John Grant, the state's development coordinator for the reefs, said he expects some opposition because of the bay's polluted waters. "I'm sure some will question whether we should be bringing more fish here," he said.

But at preliminary public meetings in Redondo Beach and Santa Monica, only about 25 people showed up and all were in favor of the project, Grant said.

The reefs will be sited in the least polluted section of the bay, Grant said. "And I feel strongly that the bay is cleaning up and I feel that the reef will be there a long, long time," he added.

Fish Should Stay Close

Grant said he expects fish to stay near the reefs and avoid the effects of pollution elsewhere in the bay.

The state must get permits from the California Coastal Commission and the Army Corps of Engineers for each project, Grant said. The contract for the outer reef was awarded pending approval of the permits, Grant said.

About 25 artificial reefs were placed off the California coast in the late 1950s and early 1960s, Wilson said. Those efforts used old ships, automobiles, streetcars, tires and even toilet bowls for construction materials.

But the reefs deteriorated in the salt water or were displaced by ocean currents.

The state has renewed its interest in artificial reefs since 1980, when Southern California Edison subsidized state research to help mitigate effects of the San Onofre nuclear energy plant, Wilson said.

Experimental reefs of rock were built in 1984 off Marina del Rey and last year off San Diego and Oceanside. Another is planned near Santa Barbara.

The outer Santa Monica Bay reef will be the largest in the program, Wilson said.

Rock Sizes Will Vary

Its 48 piles of rock will be placed over about a square mile of ocean bottom. The piles will range from five feet to more than 10 feet in height. Rock sizes will vary from one to five feet in diameter. They will be placed at 45, 60 and 75 feet below the surface.

The state hopes that studies will show how to set up a reef to lure specific species of marine life. "We'll know, for example, that if we want scallops, we might put the reef in the middle depths and make it of medium-sized rocks," Wilson said.

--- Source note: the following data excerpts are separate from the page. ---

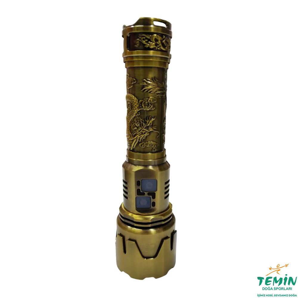 Hem estetik hem de yüksek performans arayan kullanıcılar için özel tasarlanmış, şarj edilebilir, zoom özellikli bir el feneridir. Özellikle ejderha desenli altın renkli gövdesiyle performans ve sanatın birleşmiş halidir.
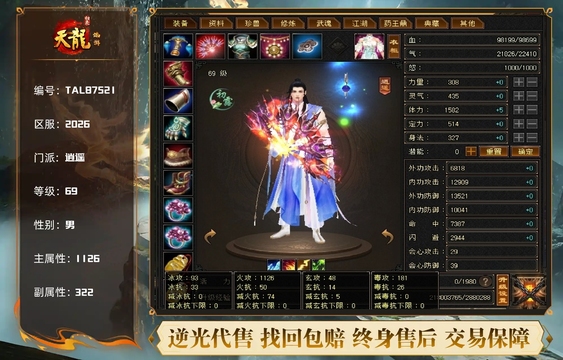 逍遥 | 等级:69 | 主属性:1126 | 副属性:322 | 男 | 主火攻
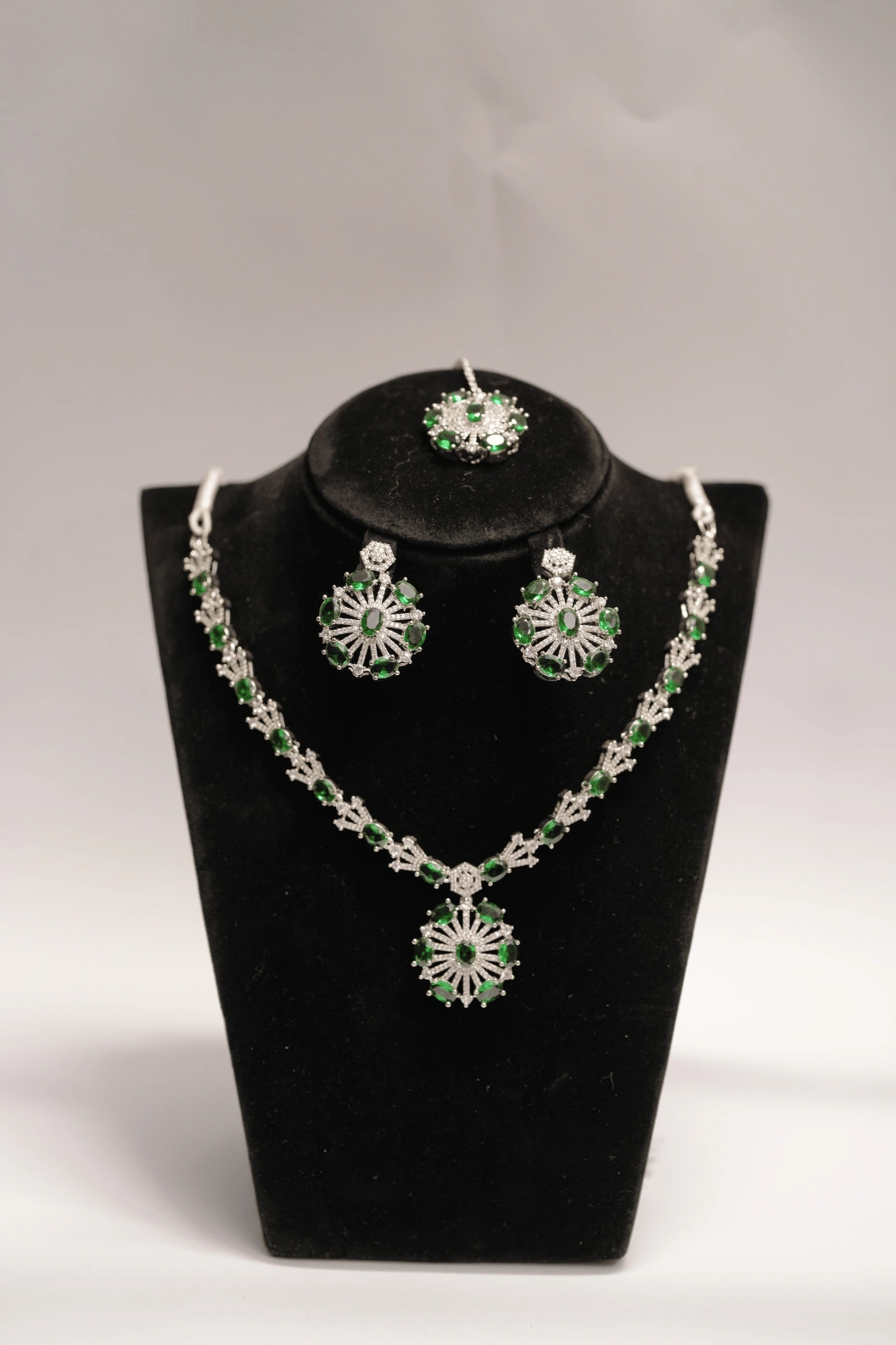 A luxury 1 karat white gold haar set with emerald and crystal rhinestones. Includes matching earrings and bindi. Comes in brand box packing. Designed for bridal and formal occasions.
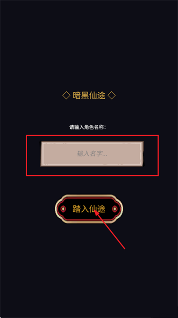 2、输入角色名称,点击“踏入仙途”进入游戏;
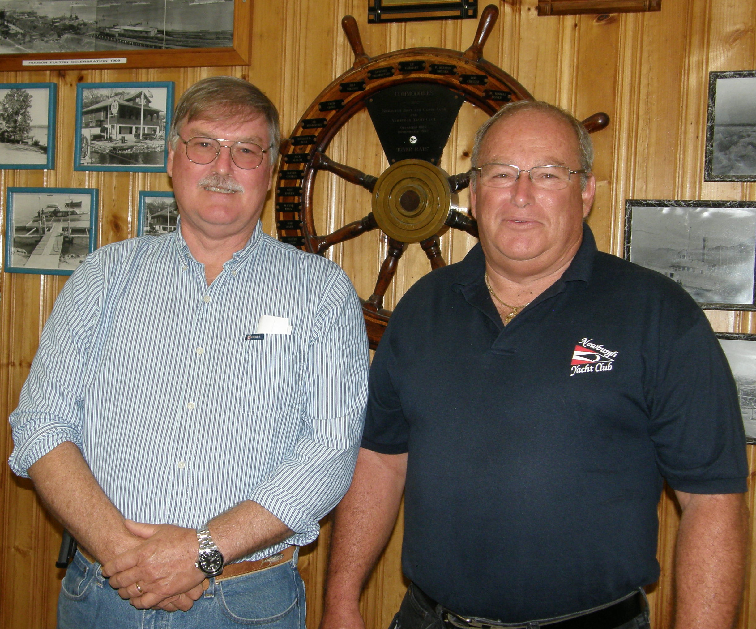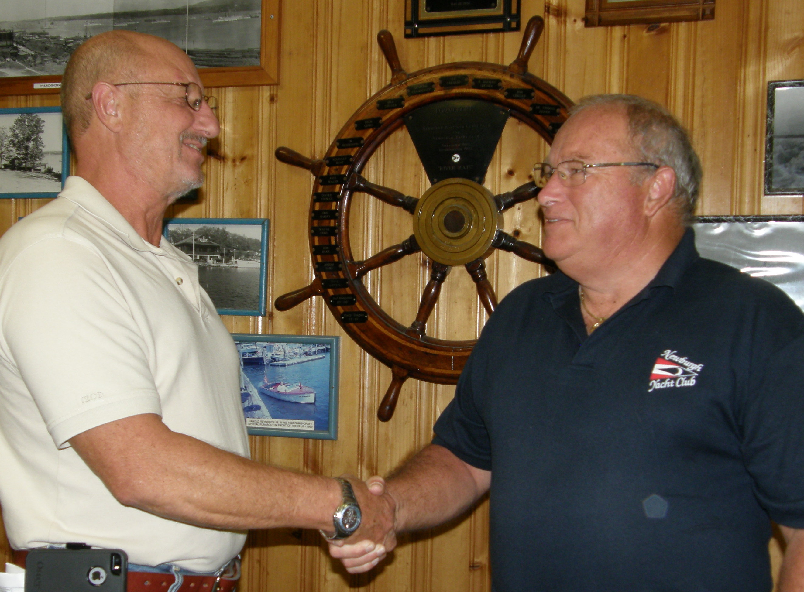 Commodore Greg Dombroski congratulates Richard Bremer on becoming Commodore Elect of the Newburgh Yacht Club.
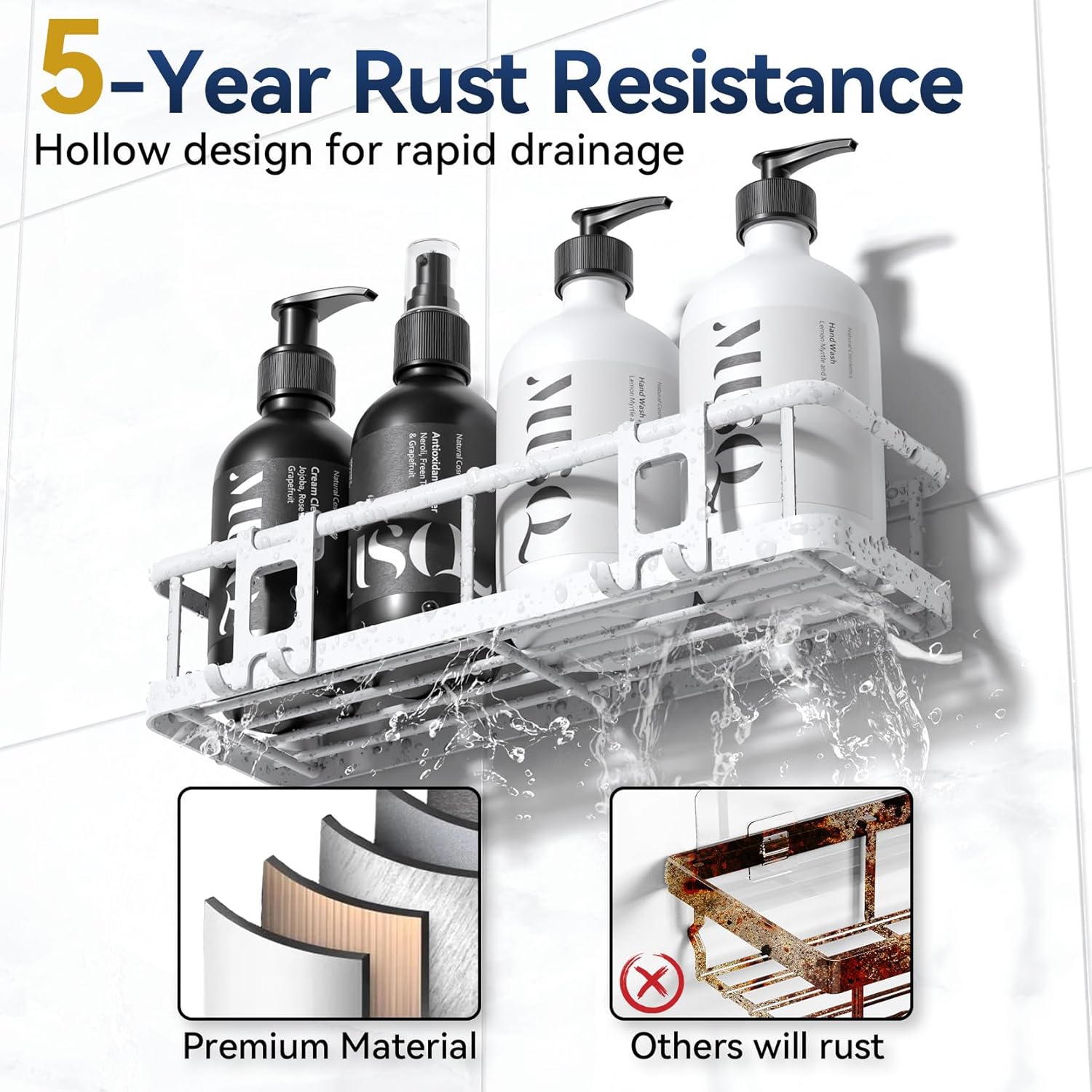 - 【Durable Metal, Hollow Drain Design】The bathroom shower organizer is made of high quality metal and high temperature paint technology, which is durable, rust resistant, waterproof, and scratch resistant. Can stay with you for up to 6 years. Hollow design at the bottom, good ventilation and drainage, convenient cleaning. Keep shelves and bathroom necessities dry;
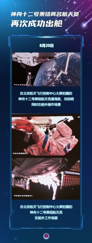新华社北京8月20日电(李国利、邓孟)8月20日8时38分,神舟十二号航天员聂海胜成功开启天和核心舱节点舱出舱舱门,截至10时12分,航天员聂海胜、刘伯明身着中国自主研制的新一代“飞天”舱外航天服,先后从天和核心舱节点舱成功出舱,并完成在机械臂上安装脚限位器和舱外工作台等工作。后续,他们将在机械臂支持下,相互配合开展空间站舱外有关设备安装等作业。
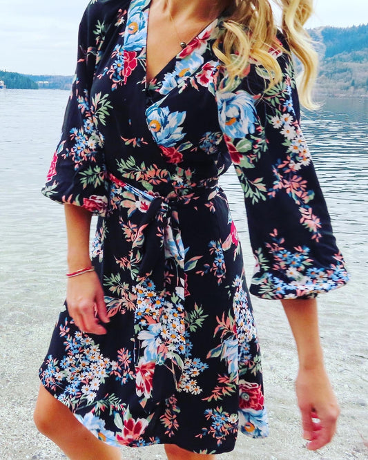 Sparrow & Lilly Black Floral Long Sleeve Wrap Dress
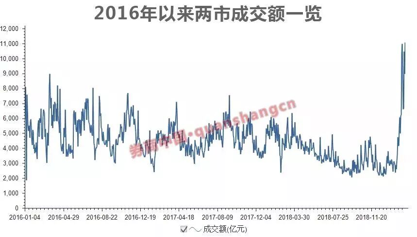 3月8日,沪深两市成交额达到11841亿元,刷新2015年11月以来新高,连续第三个交易日突破万亿,而且上周5个交易日中有4天破万亿。从两市成交额历史来看,两个多月时间,市场情绪彻底被激活,成交额由3000亿元左右飙升至万亿。
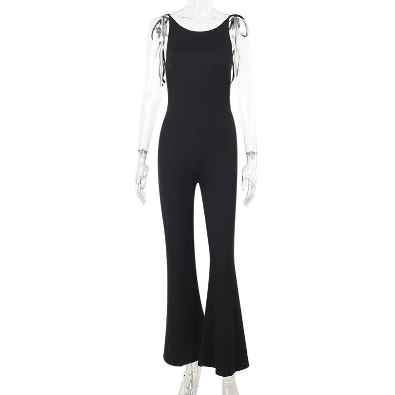 Suspension Striped Bareback Knitted Knitted Black Pickpoo Trousers Woman DJPT
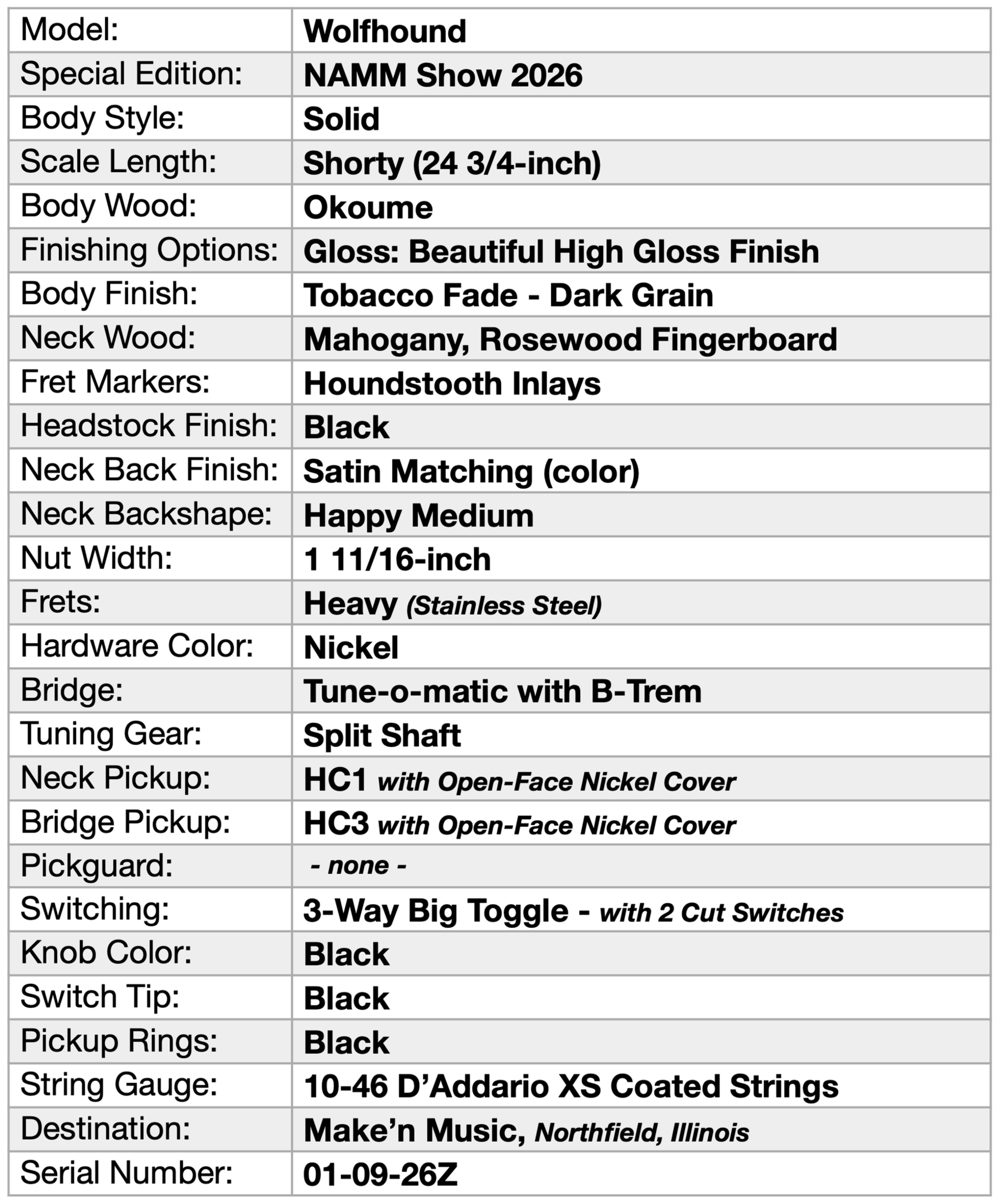 One of three to be at the show, this 3rd Wolfhound took the NAMM stage dressed out in Tobacco Fade - Dark Grain—which is a transparent yellow over its Okoume body (dominant mid-focus mahogany + tone) transitioning to a transparent light brown edge giving it a shaded, optically satisfying earth tone look. A perennial favorite among wonderful guitar colors.
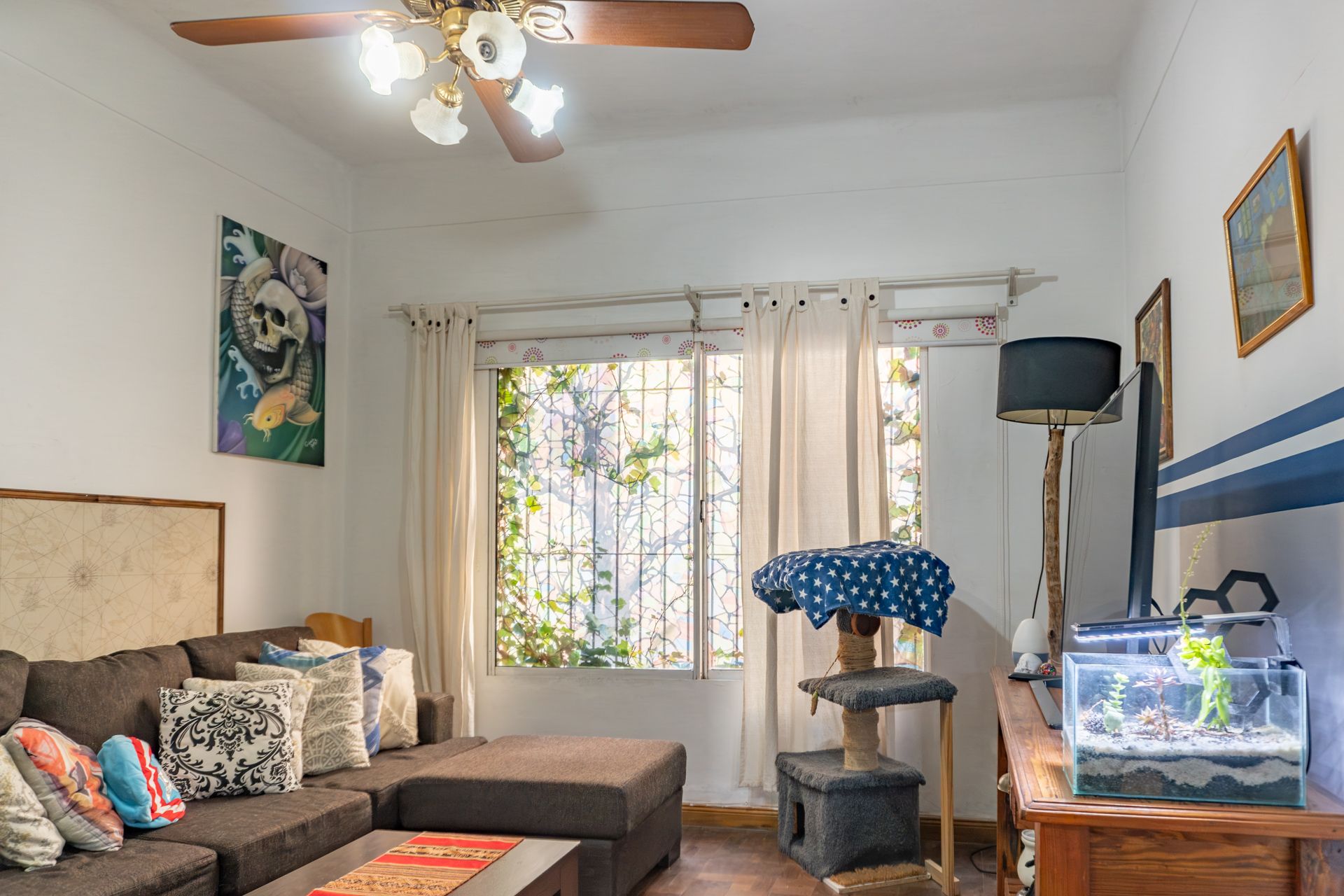 El exterior ofrece un jardín con parrilla, un cuarto de herramientas que puede convertirse en quincho y una terraza con posibilidad de construir una segunda planta.
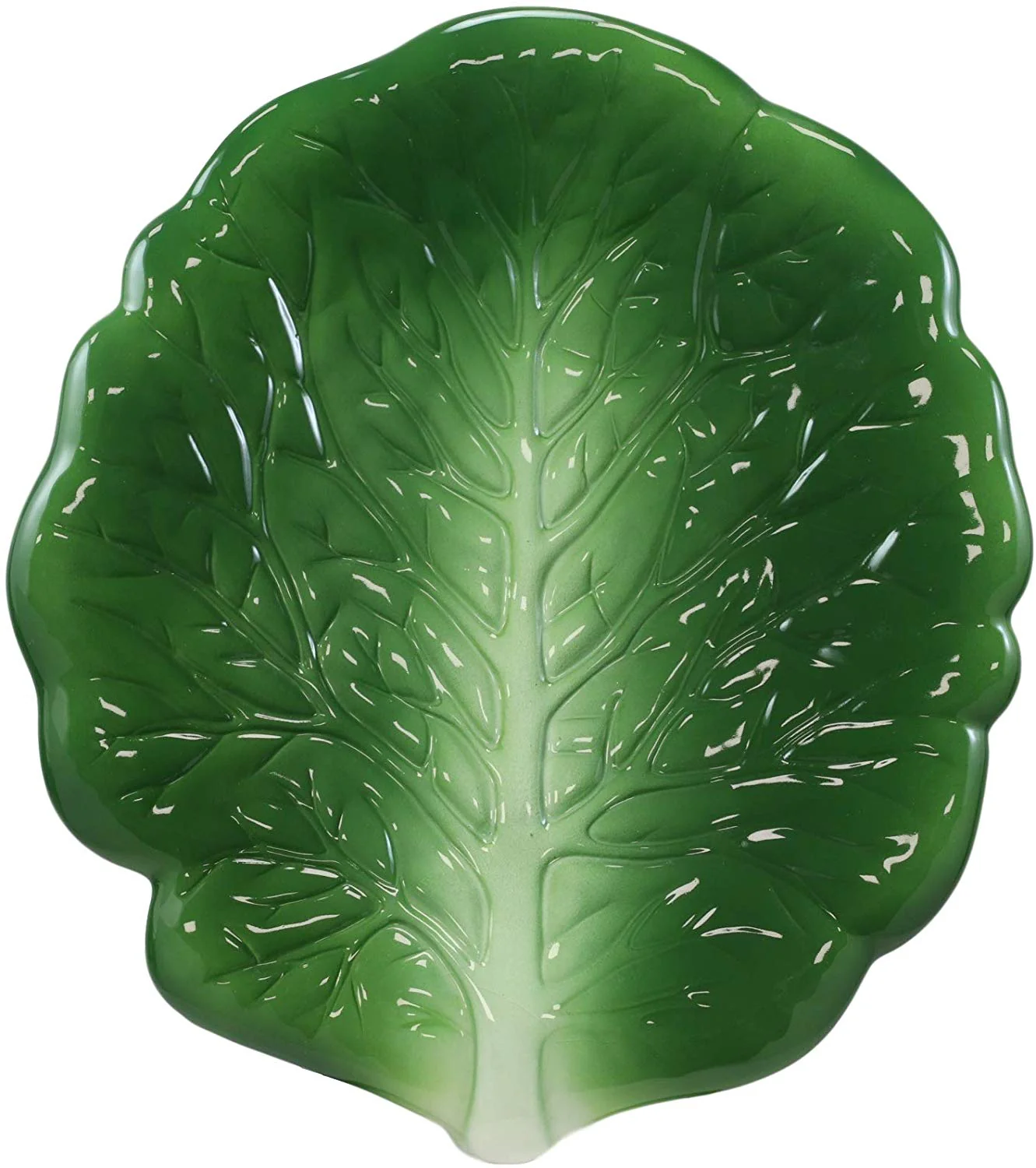• Here is a fresh and fun kitchen dish dinner plate shaped and colored like the collard green leaf! It is the perfect plate for an exotic, hearty and fresh presentation for your pastas, fruits, salads, appetizers, lunch/dinner entrees and more!

The rocky reefs ought to last "indefinitely, as long as people don't disturb them by dragging anchors over them," said Ralph Larison, president of Connolly-Pacific Co., which holds a contract to build the Santa Monica outer reef and the Santa Barbara reef. "Natural rock has been the most successful because it's the most like the ocean bottom."

The reefs ought to start attracting fish from around the bay immediately, Larison said. In several years, the population should increase with fish born and fed on the reef, he added.

But Grant of the Fish and Game Department warned: "Even if the fishery stocks were equal to the very best we've had, we'll still have a shortage because Los Angeles keeps growing and there are so many more anglers out there."